The edit button
The problem. Targeted DNA cutting existed before CRISPR — zinc fingers, TALENs — but each new target meant engineering a new protein. That’s slow and expensive. The question was whether you could retarget a nuclease by changing something cheap instead.
The idea. Jinek et al. dissected the Streptococcus pyogenes Cas9 system biochemically and showed three things. Cas9 is an RNA-guided endonuclease whose two domains (RuvC and HNH) each nick one DNA strand, giving a blunt double-strand break. Targeting requires a two-RNA duplex — crRNA (which base-pairs the target) plus tracrRNA — and cleavage needs a short PAM motif next to the target. Then the punchline: the two RNAs can be fused into a single guide RNA. Now retargeting is just typing a new 20-nucleotide sequence.

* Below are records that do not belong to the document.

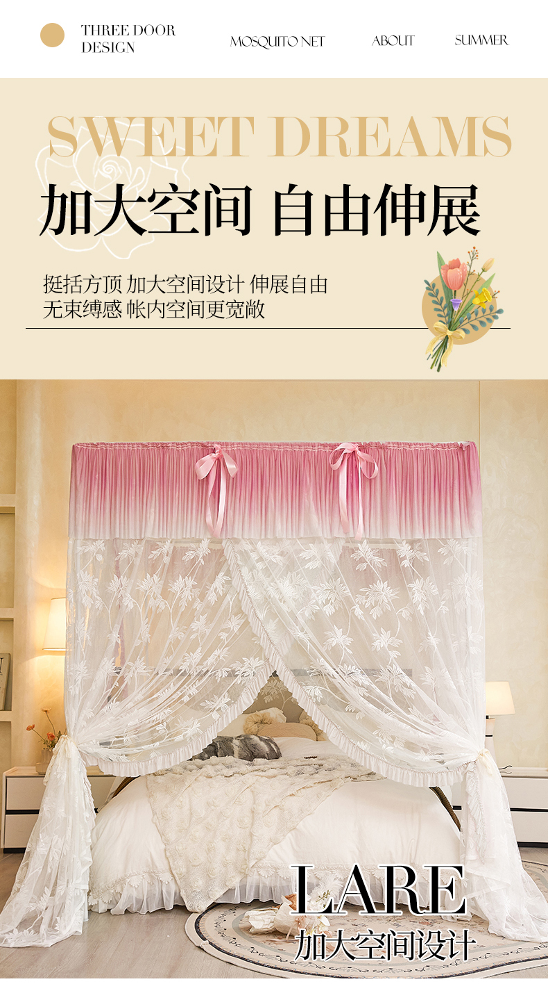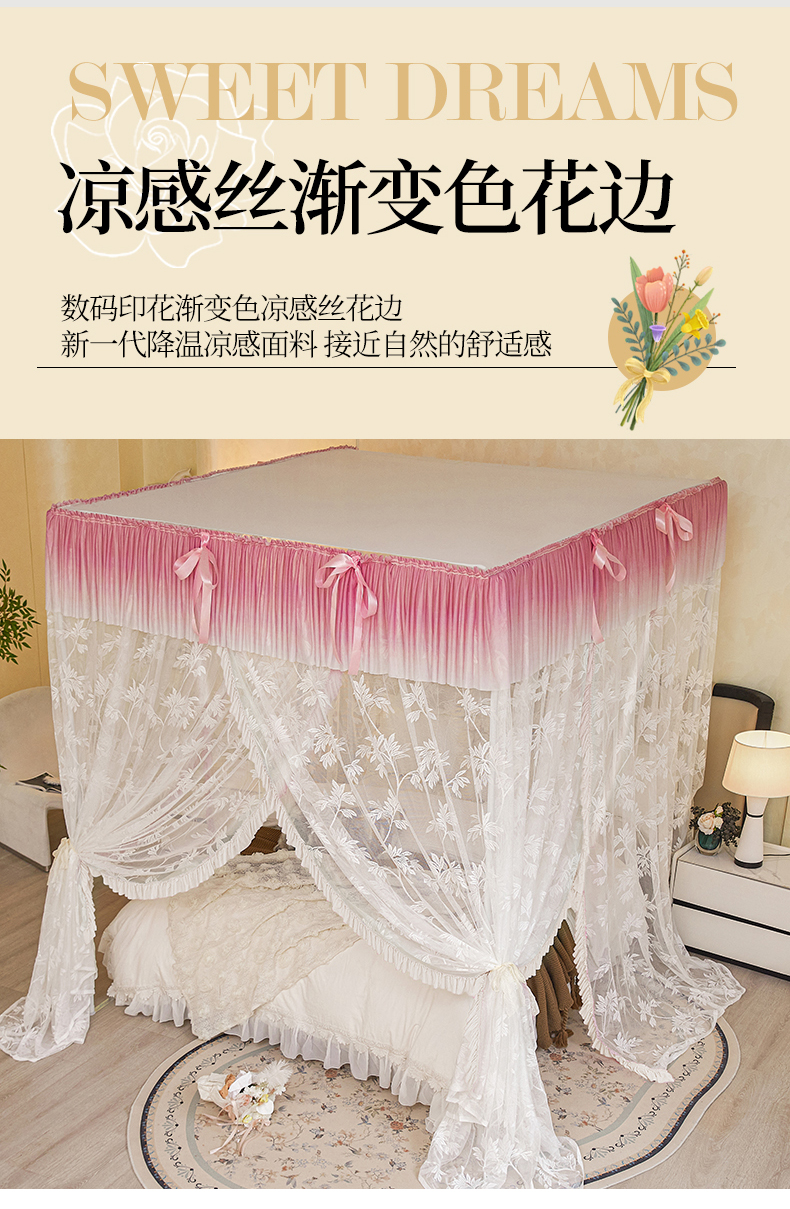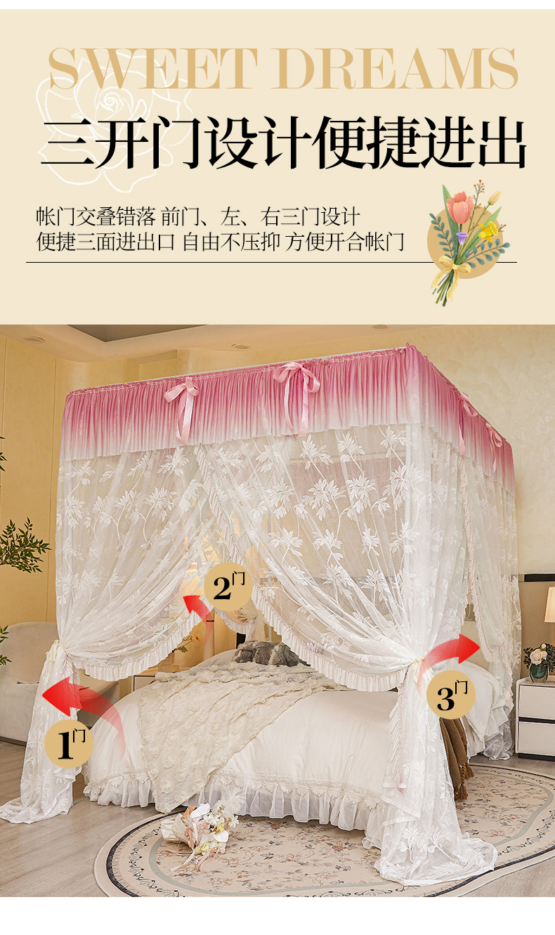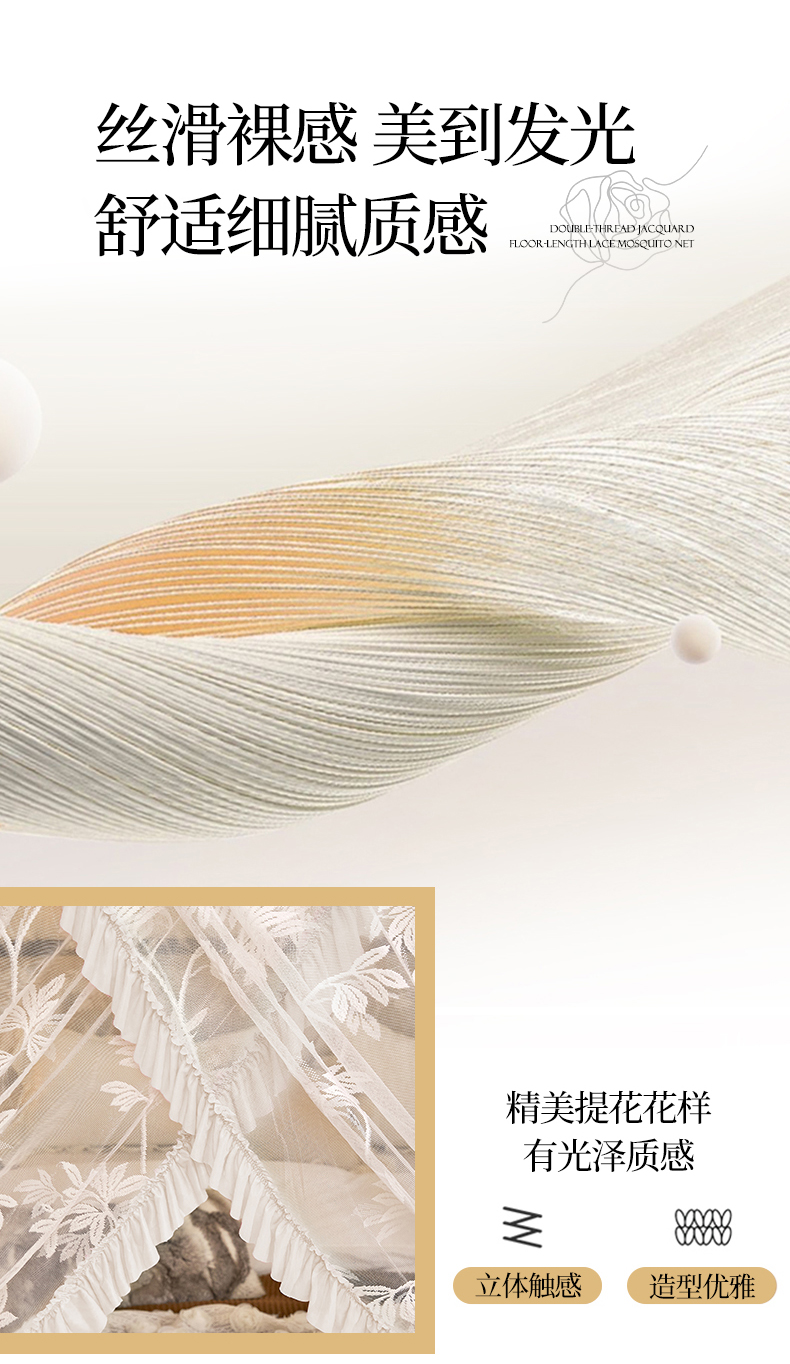(总)世婕 2026新款双丝提花落地花边蚊帐-浪漫满屋,浪漫满屋-香妃玉,浪漫满屋-海岛蓝,浪漫满屋-灰色,浪漫满屋-柔粉白,浪漫满屋-樱花粉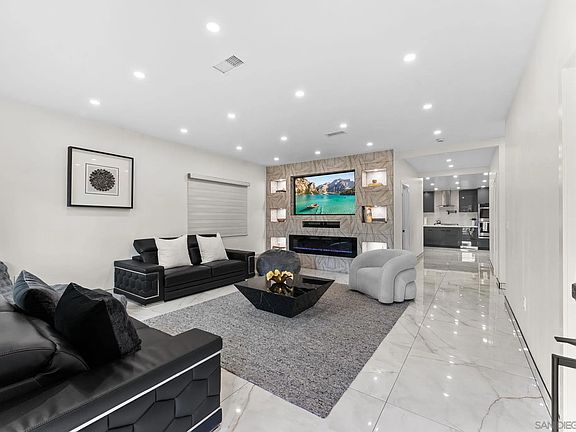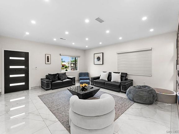 Welcome to 4961 E Mountain View Dr, an exquisitely remodeled home in the heart of Normal Heights! Completed in 2024, this 4BD/3BA single-level gem offers modern luxury. Enjoy elegant porcelain tile flooring, designer lighting, and an open-concept layout that flows seamlessly from the chef’s kitchen—featuring a large island and premium appliances—to the inviting living area and private backyard with a luxurious pool and gazebo, perfect for entertaining. The spacious primary suite includes dual sinks, a walk-in closet, and a stunning spa-like bath. At night, the home comes alive- it's warm exterior lighting highlights every detail, creating a stunning, inviting glow that captures true curb appeal. Additional highlights include a shared driveway, ample parking, central forced air, and fresh landscaping. Situated on a 19,235 sq.ft. lot near parks, shops, and dining—this home blends style, comfort, and location in one of San Diego’s most vibrant neighborhoods!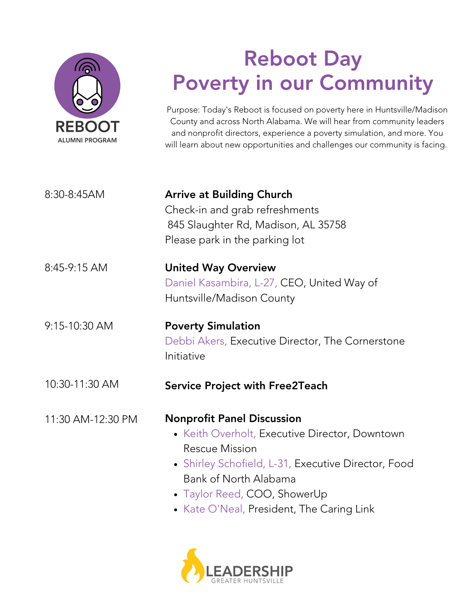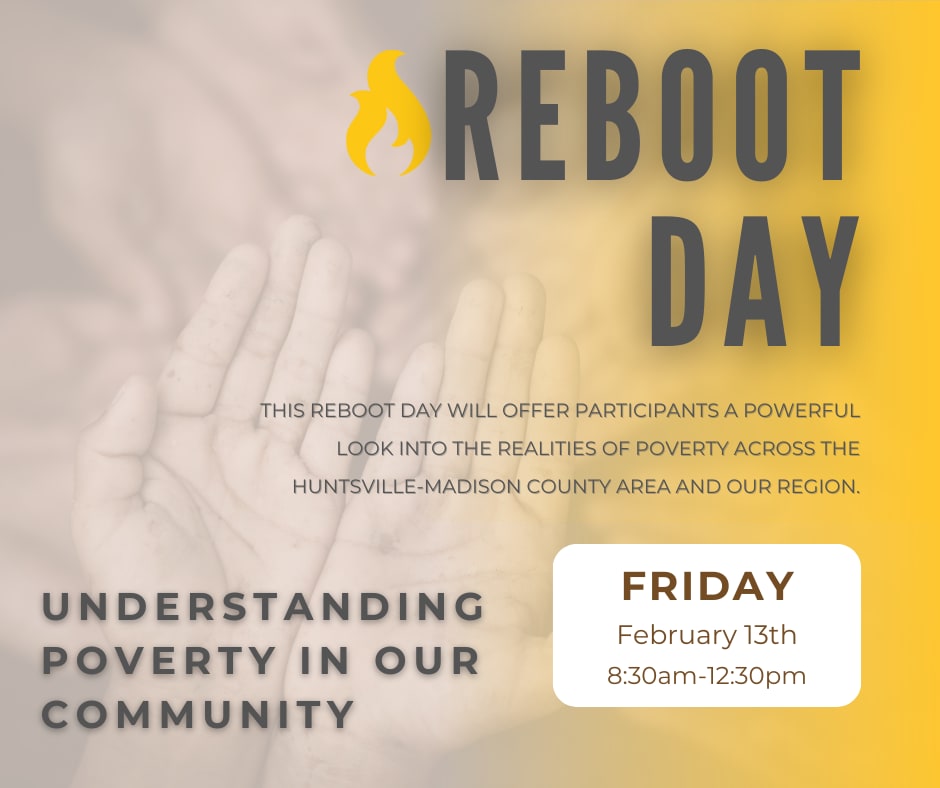 This Reboot Day will offer participants a powerful look into the realities of poverty across the Huntsville-Madison County area and our region. Through conversations with local leaders, hands-on learning, and immersive experiences, participants will gain a deeper understanding of the challenges individuals and families face, and the innovative efforts underway to break cycles of poverty.

Why it matters. This is the enabling technology under most of modern synthetic biology and functional genomics. It collapsed the cost of “edit here” from protein engineering to oligo synthesis, which is the kind of cost change that reshapes a whole field — CRISPR screens, base/prime editing, engineered organisms, diagnostics all follow. In DBTL terms it made Build programmable, the same way AlphaFold later made Design computational.
Verdict. Foundational, with one honesty note that’s easy to lose: this paper is in vitro biochemistry. It proves the mechanism and the programmability, but editing in living eukaryotic cells was demonstrated by others (Cong, Mali, and colleagues) months later, and the credit story is genuinely multi-lab. Read this one for the mechanism; read the 2013 cell-editing papers for what it unleashed.